Selasa, 28 Februari 2012

Jalan yang Sulit dan Rumit Lebih Mereka Sukai Daripada Jalan Islam

Orang yang tidak beragama tidak akan tahu jalan mana yang harus mereka tempuh, kecuali jalan berdasarkan dugaan mereka belaka. Sedangkan bagi orang-orang yang taat beragama, di hadapan mereka ada petunjuk-petunjuk suci melalui Kitab-Nya dan Sunnah Rasul-Nya. Mereka merenungkannya dan mengamalkannya. Lalu, mereka merasakan kebahagiaan yang tiada terkira. Jalan lurus itu pendek dan singkat. Begitu mudah dan sederhana. Tapi ternyata yang sulit dan rumit lebih disukai orang yang tidak beragama. Sehingga, jalan mereka lalui pun menjadi sulit.

Bisa saja kita menemukan orang-orang yang bahagia di kalangan orang yang tidak beragama, tetapi kebahagiaan mereka tidak akan bisa menyamai kebahagiaan orang-orang yang taat beragama. Orang yang yakin dengan pertolongan Allah, ketika mendapat ujian dan cobaan tidak membuatnya goyah dari keyakinan itu. Seperti halnya yang dialami para Nabi dan Rasul, orang-orang saleh, dan para syuhada.

Sesungguhnya kita belum mendapatkan contoh teladan kesabaran dari orang-orang yang tidak beragama.
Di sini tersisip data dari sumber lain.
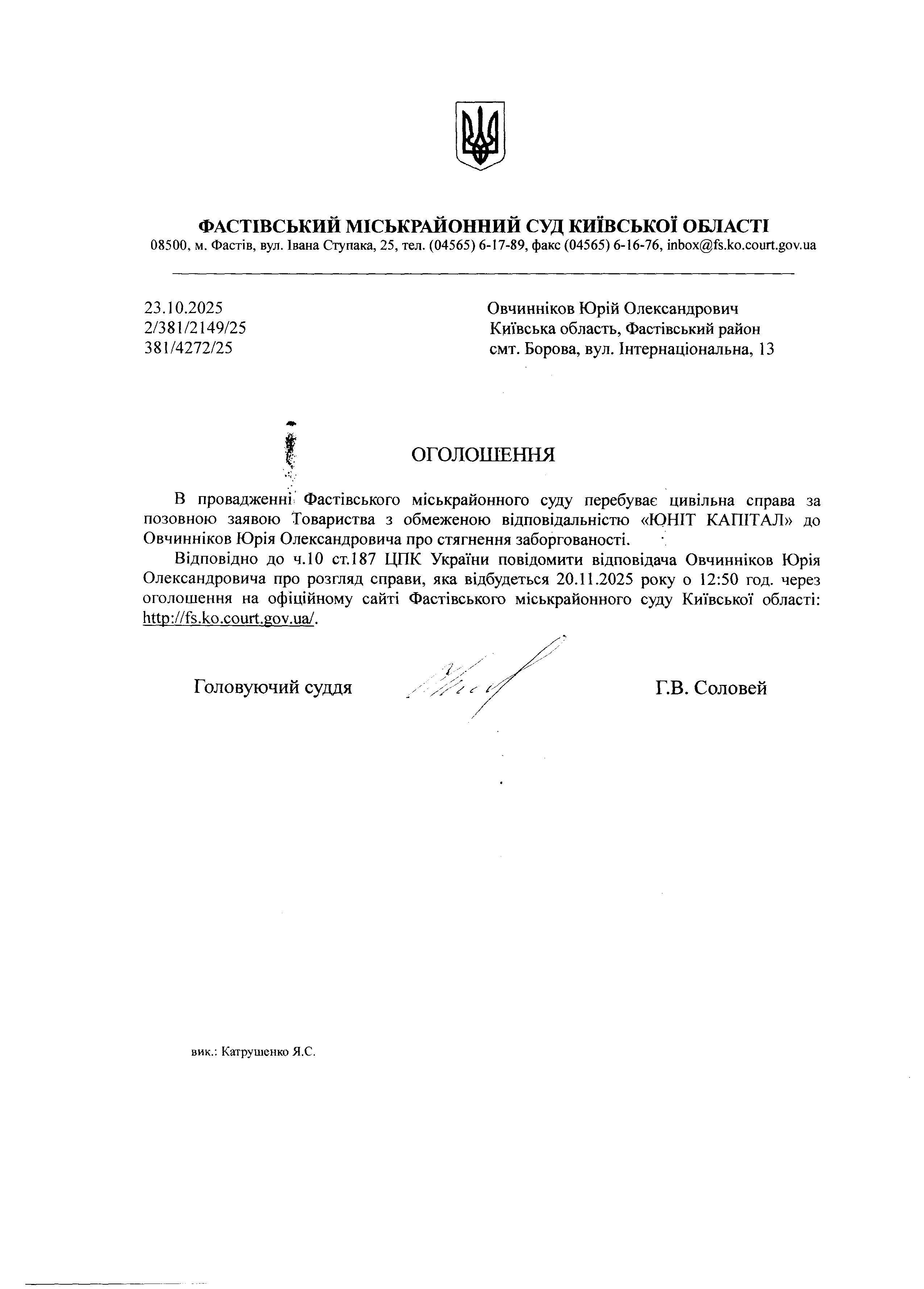 Овчинніков Юрій Олександрович Київська область, Фастівський район смт. Борова, вул. Інтернаціональна, 13

Seberapa panjang dan kuatkah kesabaran mereka. Bisakah mereka melampaui kesabaran Nabi dan Rasul atau yang dibawahnya atau bahkan yang dibawahnya lagi. Apakah kita mendapati para Nabi dan Rasul serta orang-orang saleh adalah orang-orang yang berputus asa? Justru ajaran Islam selalu membimbing mereka. Selalu mengarahkan mereka ke arah kebaikan, kemudahan, dan kebahagiaan. Apa yang mereka lakukan dan tinggalkan, semata-mata untuk kebahagiaan mereka.

Mari kita tadaburi salah satu ayat berikut:

Katakanlah: “Hai hamba-hamba-Ku yang malampaui batas terhadap diri mereka sendiri, janganlah kamu berputus asa dari rahmat Allah. Sesungguhnya Allah mengampuni dosa-dosa semuanya. Sesungguhnya Dia-lah Yang Maha Pengampun lagi Maha Penyayang.” (QS. Az-Zumar: 53)

Yang dimaksud dengan melampaui batas adalah berbuat dosa yang begitu banyak. Saking banyaknya, seolah-olah mereka menganggap bahwa Allah tidak akan mengampuni dosa-dosanya itu. Lalu, Allah pun memberikan harapan kepada mereka: Janganlah kamu berputus asa dari rahmat Allah. Selagi nyawa dikandung badan dan selagi engkau mau bertaubat, Allah masih bersedia mengampuni dosa-dosamu itu walaupun dosa-dosa itu sebanyak buih dilautan, pasir di pantai atau bintang-bintang dilangit. Karena, Allah itu Maha Pengampun lagi Maha Penyayang.

Maka tampaklah baginya fajar yang menyingsing menghadirkan pahala dan berlalulah malam yang mengusung bala. Tatkala matahari pahala mulai menyingsing, ia telah sampai pada tujuan dengan selamat, melewati segala bencana dengan penuh kesabaran.

Bukankah nilai-nilai spiritual ini adalah nilai-nilai yang mulia, yang lebih tinggi daripada nilai-nilai manapun? Tapi, mengapa mereka meremehkannya, menjauh darinya, bahkan mengatakan tidak beriman kepadanya? Bukankah hal ini berarti mereka menganggap diri mereka lebih hebat daripada Tuhan? Mereka menganggap bahwa mereka mampu membuat konsep yang lebih hebat daripada konsep Tuhan. Padahal yang ada, mereka hanya menunjukkan kebodohan mereka namun mereka tidak menyadarinya.